# Sponge Filter



## brapbrapboom (Sep 2, 2009)

can shrimps be fine in a well established sponge filter ALONE?

on one like This??


----------



## Darkblade48 (Jan 28, 2008)

I am assuming you mean "a well established aquarium with a sponge filter" and not to have the shrimp living inside the sponge filter.

If so, the answer is yes.


----------



## brapbrapboom (Sep 2, 2009)

oh yes, what I mean is being the sponge filter as the base and the only filter in the tank. because there's some other modifications that puts the sponge filter and the filter together.

anyway, thanks darkblade!


----------



## brapbrapboom (Sep 2, 2009)

Lets say ill run this filter on another tank for 3weeks will it be ok to support a new tank instantly or do i need to put ammonia still?


----------



## coldmantis (Apr 5, 2010)

do this run the new sponge filter in the old tank for 3 weeks, after 3 weeks do a big water change and clean the old filter squeeze out the brown stuff in the water you just changed, dump that brown water now into the new tank and transfer the new sponge filter to the new tank.


----------



## brapbrapboom (Sep 2, 2009)

coldmantis said:


> do this run the new sponge filter in the old tank for 3 weeks, after 3 weeks do a big water change and clean the old filter squeeze out the brown stuff in the water you just changed, dump that brown water now into the new tank and transfer the new sponge filter to the new tank.


Gotya! Just waiting till it arrives XD i bought 2 at wbay for $10 including shipping XD


----------



## coldmantis (Apr 5, 2010)

good, use one on your canister filter and stick the air tubing from your paintball co2 in the sponge filter works wonders as a diffuser.


----------



## brapbrapboom (Sep 2, 2009)

coldmantis said:


> good, use one on your canister filter and stick the air tubing from your paintball co2 in the sponge filter works wonders as a diffuser.

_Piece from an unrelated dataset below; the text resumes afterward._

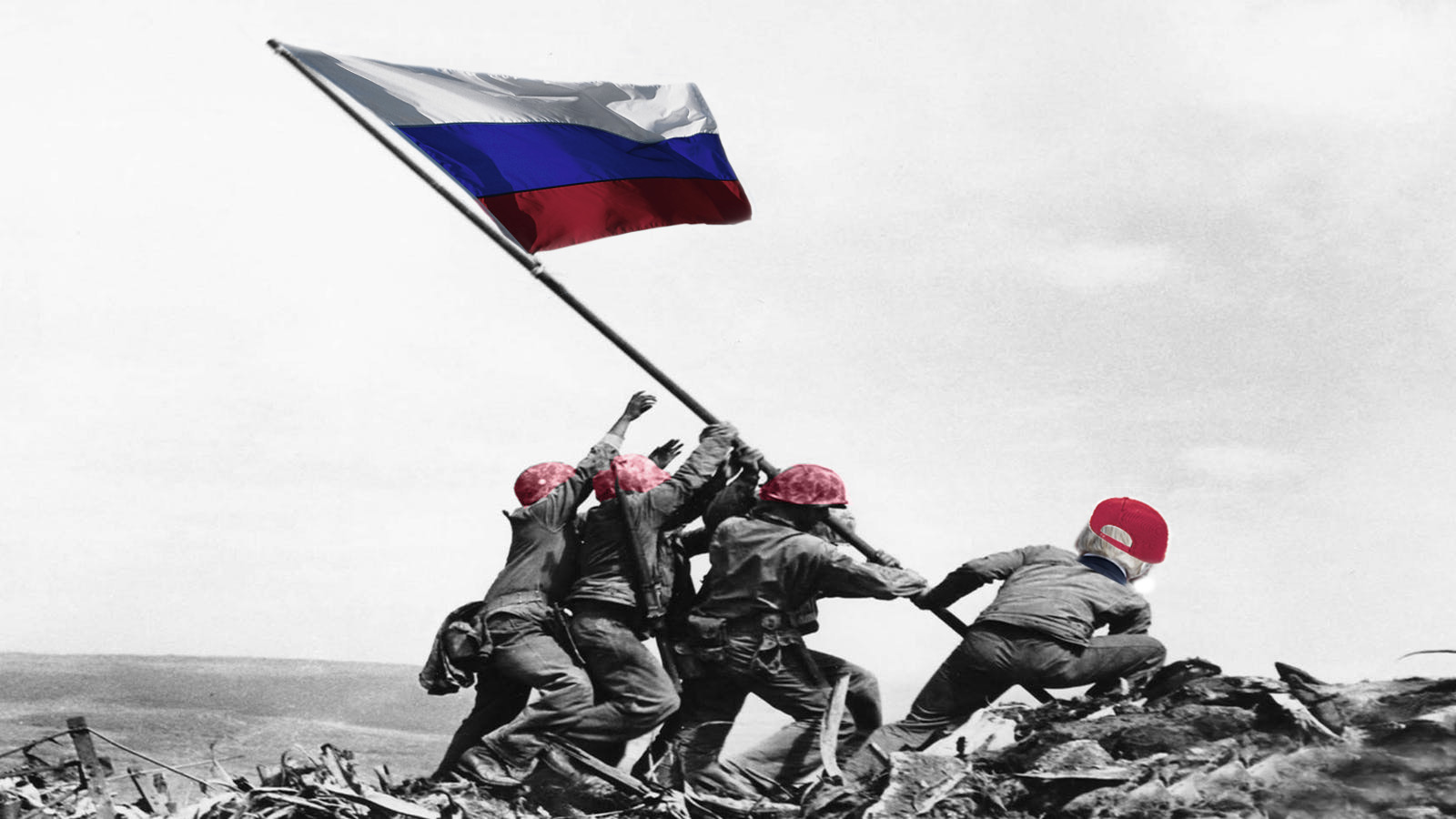In Joe Rosenthal’s “Raising the Flag on Iwo Jima,” I changed the American flag to a Russian one. I also changed the front soldier’s head to Trump’s, put a MAGA hat on him so he’d be distinguishable from the back and also changed the other soldiers’ hats to red to symbolize Trump’s team and followers.

I was considering just this sponge filter alone, i kinda dont have the money to upgrade lol. Anyway ill run it for 3 weeks in the big tank


----------



## coldmantis (Apr 5, 2010)

didn't you tell me you had a canister filter and since you bought 2 sponges filters you can use one of them on your canister filter and one alone.


----------



## brapbrapboom (Sep 2, 2009)

coldmantis said:


> didn't you tell me you had a canister filter and since you bought 2 sponges filters you can use one of them on your canister filter and one alone.


Nope didnt said that, just said there are other modifications put through it, anyway ill see if i can fit it into a HOB filter


----------



## Beijing08 (Jul 19, 2010)

coldmantis said:


> good, use one on your canister filter and stick the air tubing from your paintball co2 in the sponge filter works wonders as a diffuser.


good thinking. The only concern is that CO2 bubbles into the impeller reduces its life.


----------